» About this task
Span requested from the data below: the line with "A stylish pair" through the line with "Η κομψή παπουτσοθήκη", both included. Give only these lines again, exactly, and leave every picture out.

The data below:

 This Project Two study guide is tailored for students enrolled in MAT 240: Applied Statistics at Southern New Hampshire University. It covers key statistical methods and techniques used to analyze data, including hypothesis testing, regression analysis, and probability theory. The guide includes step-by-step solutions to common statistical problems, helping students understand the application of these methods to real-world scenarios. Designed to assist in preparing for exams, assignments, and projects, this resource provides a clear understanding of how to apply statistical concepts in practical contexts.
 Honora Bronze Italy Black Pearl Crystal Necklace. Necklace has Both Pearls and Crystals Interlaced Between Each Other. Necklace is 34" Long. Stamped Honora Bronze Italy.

End of The data.
The data below:

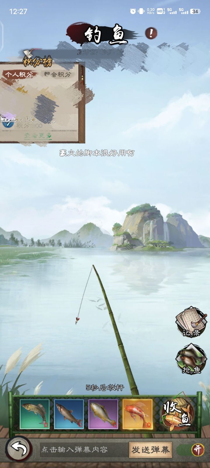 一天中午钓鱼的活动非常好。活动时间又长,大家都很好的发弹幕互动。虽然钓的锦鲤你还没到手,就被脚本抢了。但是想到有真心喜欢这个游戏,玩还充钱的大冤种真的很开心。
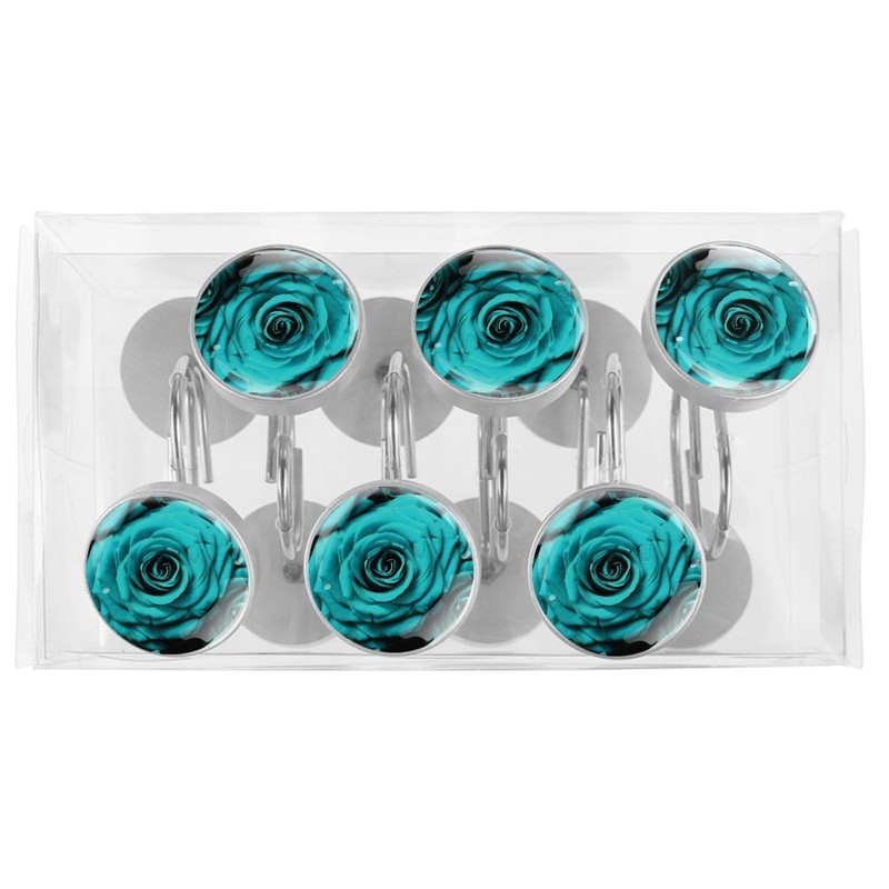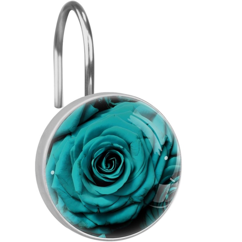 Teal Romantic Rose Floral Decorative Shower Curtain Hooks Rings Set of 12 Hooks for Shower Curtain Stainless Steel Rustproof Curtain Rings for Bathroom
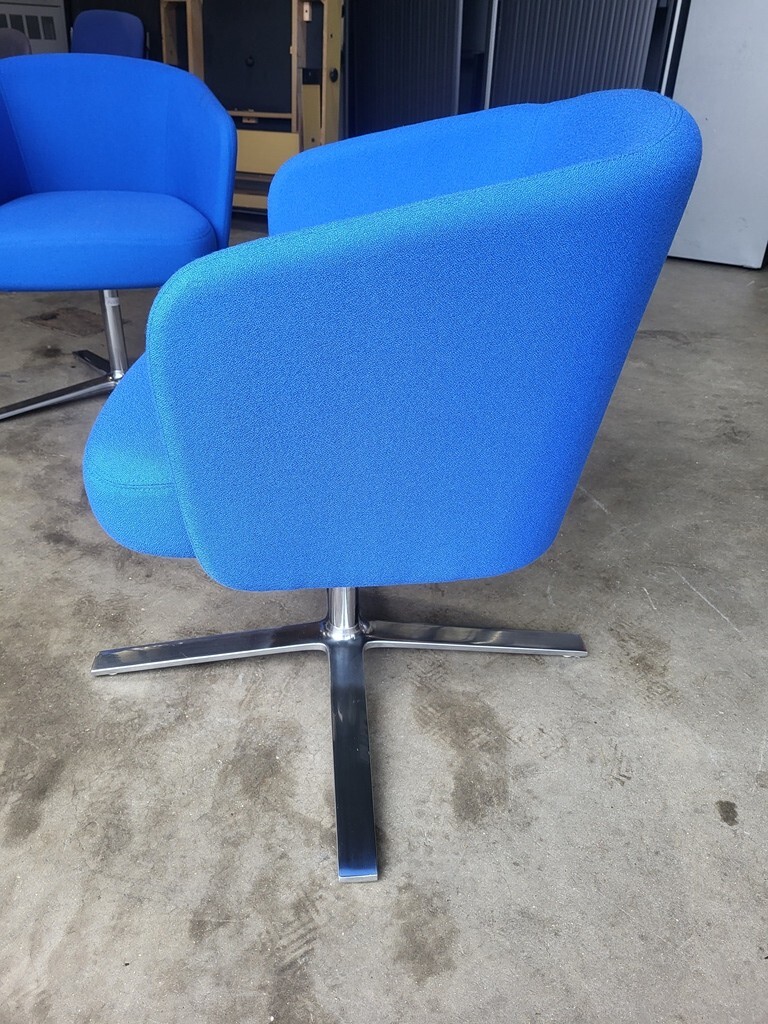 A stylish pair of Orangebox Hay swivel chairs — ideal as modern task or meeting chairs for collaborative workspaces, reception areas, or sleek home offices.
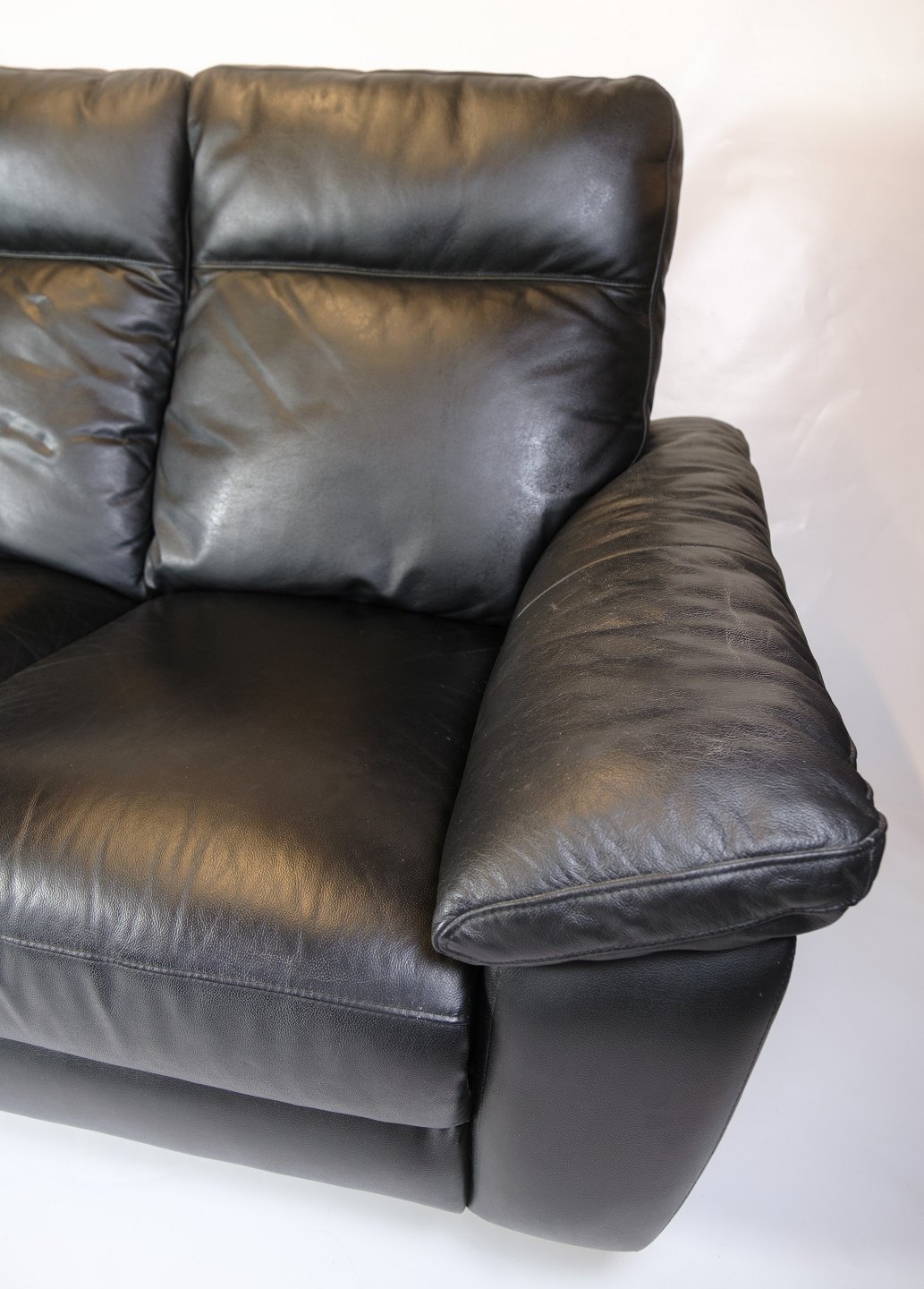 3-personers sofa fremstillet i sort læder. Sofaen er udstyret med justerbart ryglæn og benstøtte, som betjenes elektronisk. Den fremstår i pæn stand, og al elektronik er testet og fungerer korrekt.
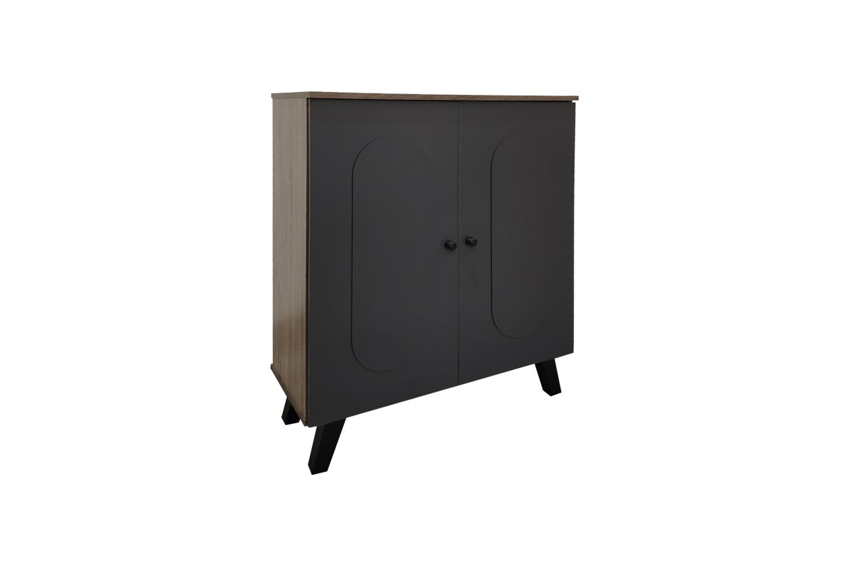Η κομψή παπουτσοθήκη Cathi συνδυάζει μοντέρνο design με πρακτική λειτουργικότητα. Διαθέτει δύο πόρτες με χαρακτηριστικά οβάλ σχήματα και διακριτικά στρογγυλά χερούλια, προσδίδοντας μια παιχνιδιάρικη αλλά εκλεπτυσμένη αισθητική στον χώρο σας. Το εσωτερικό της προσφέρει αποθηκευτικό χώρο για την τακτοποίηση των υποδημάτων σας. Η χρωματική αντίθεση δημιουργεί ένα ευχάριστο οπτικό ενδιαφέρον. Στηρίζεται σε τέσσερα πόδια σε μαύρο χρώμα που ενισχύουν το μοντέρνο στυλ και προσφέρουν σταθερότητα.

End of The data.
The data below:

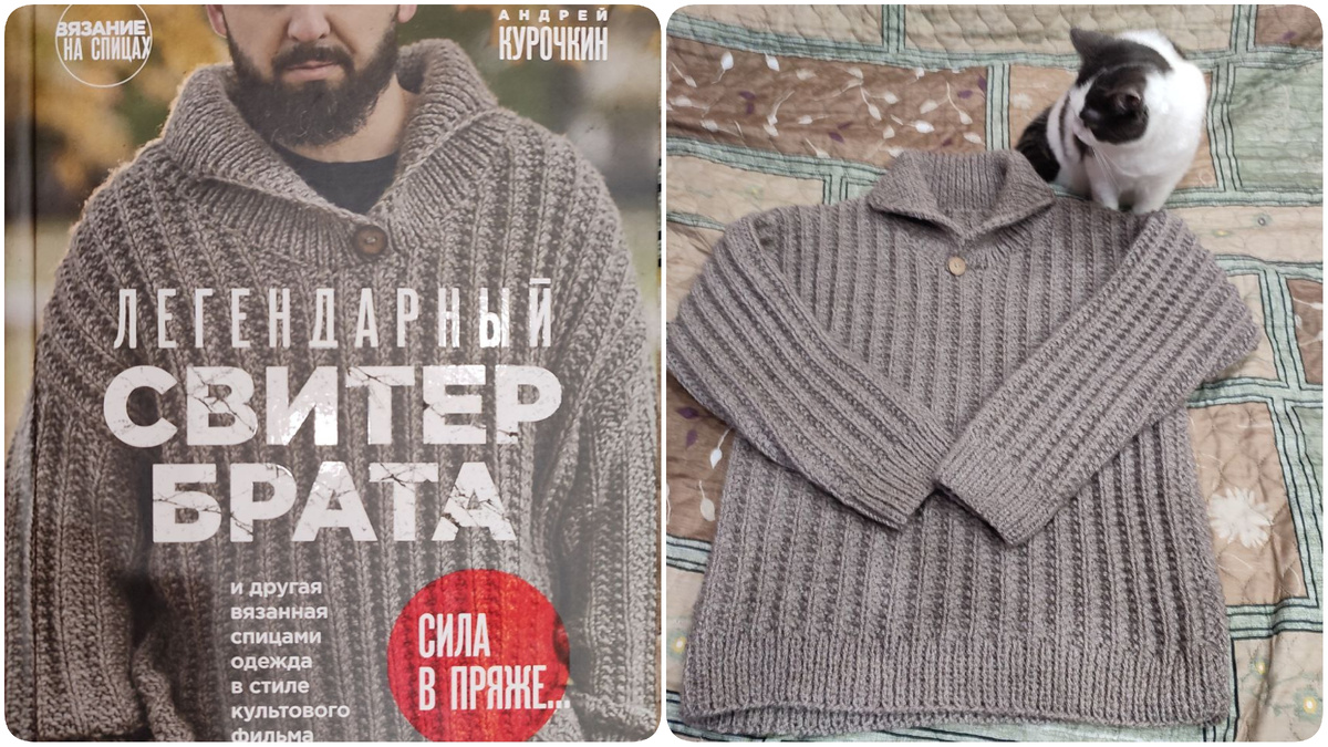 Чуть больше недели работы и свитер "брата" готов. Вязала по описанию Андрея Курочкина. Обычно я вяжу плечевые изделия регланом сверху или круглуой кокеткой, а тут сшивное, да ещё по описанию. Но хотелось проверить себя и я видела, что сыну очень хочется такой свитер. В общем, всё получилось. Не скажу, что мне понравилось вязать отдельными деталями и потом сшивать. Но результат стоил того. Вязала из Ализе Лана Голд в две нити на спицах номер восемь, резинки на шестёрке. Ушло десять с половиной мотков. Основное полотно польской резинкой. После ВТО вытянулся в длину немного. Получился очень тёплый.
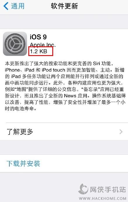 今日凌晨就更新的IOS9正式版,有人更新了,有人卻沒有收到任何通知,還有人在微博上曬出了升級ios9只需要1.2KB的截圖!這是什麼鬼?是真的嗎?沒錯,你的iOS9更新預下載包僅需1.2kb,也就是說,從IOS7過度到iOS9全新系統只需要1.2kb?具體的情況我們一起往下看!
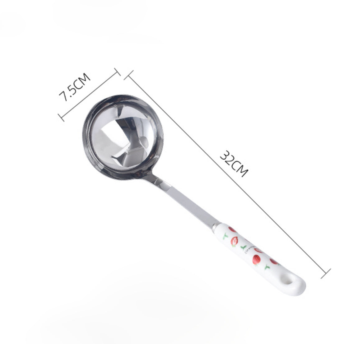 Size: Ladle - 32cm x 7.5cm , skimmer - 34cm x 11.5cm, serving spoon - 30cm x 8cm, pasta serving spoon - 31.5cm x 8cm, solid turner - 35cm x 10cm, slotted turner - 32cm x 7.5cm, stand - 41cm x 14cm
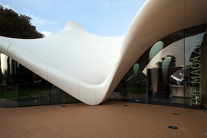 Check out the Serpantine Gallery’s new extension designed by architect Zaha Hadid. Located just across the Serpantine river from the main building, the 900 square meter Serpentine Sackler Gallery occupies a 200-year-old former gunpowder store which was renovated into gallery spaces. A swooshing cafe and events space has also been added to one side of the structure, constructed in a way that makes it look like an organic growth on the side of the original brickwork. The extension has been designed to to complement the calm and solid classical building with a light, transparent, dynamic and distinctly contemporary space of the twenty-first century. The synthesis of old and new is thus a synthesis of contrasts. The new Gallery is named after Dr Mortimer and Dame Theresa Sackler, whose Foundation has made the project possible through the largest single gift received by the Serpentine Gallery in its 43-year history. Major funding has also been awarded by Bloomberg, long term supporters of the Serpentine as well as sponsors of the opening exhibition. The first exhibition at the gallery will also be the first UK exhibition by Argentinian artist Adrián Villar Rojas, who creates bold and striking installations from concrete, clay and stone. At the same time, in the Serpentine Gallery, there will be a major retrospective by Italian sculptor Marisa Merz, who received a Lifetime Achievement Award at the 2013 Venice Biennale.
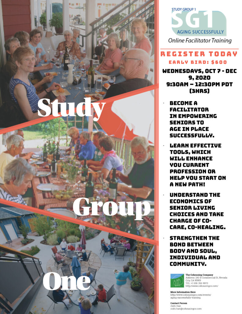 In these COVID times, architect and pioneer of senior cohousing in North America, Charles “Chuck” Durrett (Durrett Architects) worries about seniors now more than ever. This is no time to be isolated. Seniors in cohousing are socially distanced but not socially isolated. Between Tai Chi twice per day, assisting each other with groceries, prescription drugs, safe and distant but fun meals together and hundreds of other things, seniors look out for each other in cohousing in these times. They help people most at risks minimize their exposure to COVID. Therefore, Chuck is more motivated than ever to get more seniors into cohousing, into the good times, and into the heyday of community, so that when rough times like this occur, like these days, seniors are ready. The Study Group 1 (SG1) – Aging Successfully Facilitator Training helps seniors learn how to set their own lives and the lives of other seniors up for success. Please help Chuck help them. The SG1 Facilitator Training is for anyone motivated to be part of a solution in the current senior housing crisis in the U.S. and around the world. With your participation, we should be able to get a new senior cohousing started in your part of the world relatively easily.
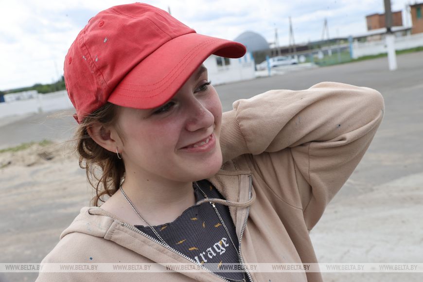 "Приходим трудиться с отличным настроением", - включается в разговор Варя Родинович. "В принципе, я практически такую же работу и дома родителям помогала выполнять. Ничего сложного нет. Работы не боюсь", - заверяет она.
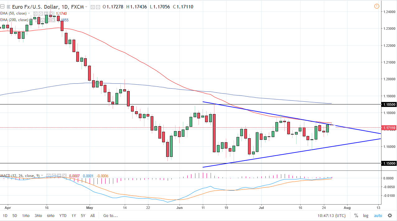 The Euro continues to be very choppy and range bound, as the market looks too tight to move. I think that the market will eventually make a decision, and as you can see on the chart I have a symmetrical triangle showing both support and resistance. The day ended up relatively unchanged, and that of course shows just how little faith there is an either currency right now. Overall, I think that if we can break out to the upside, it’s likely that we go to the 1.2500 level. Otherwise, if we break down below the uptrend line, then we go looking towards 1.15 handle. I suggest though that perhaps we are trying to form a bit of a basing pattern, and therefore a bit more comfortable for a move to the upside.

End of The data.

» Response area
 A stylish pair of Orangebox Hay swivel chairs — ideal as modern task or meeting chairs for collaborative workspaces, reception areas, or sleek home offices.
 3-personers sofa fremstillet i sort læder. Sofaen er udstyret med justerbart ryglæn og benstøtte, som betjenes elektronisk. Den fremstår i pæn stand, og al elektronik er testet og fungerer korrekt.
Η κομψή παπουτσοθήκη Cathi συνδυάζει μοντέρνο design με πρακτική λειτουργικότητα. Διαθέτει δύο πόρτες με χαρακτηριστικά οβάλ σχήματα και διακριτικά στρογγυλά χερούλια, προσδίδοντας μια παιχνιδιάρικη αλλά εκλεπτυσμένη αισθητική στον χώρο σας. Το εσωτερικό της προσφέρει αποθηκευτικό χώρο για την τακτοποίηση των υποδημάτων σας. Η χρωματική αντίθεση δημιουργεί ένα ευχάριστο οπτικό ενδιαφέρον. Στηρίζεται σε τέσσερα πόδια σε μαύρο χρώμα που ενισχύουν το μοντέρνο στυλ και προσφέρουν σταθερότητα.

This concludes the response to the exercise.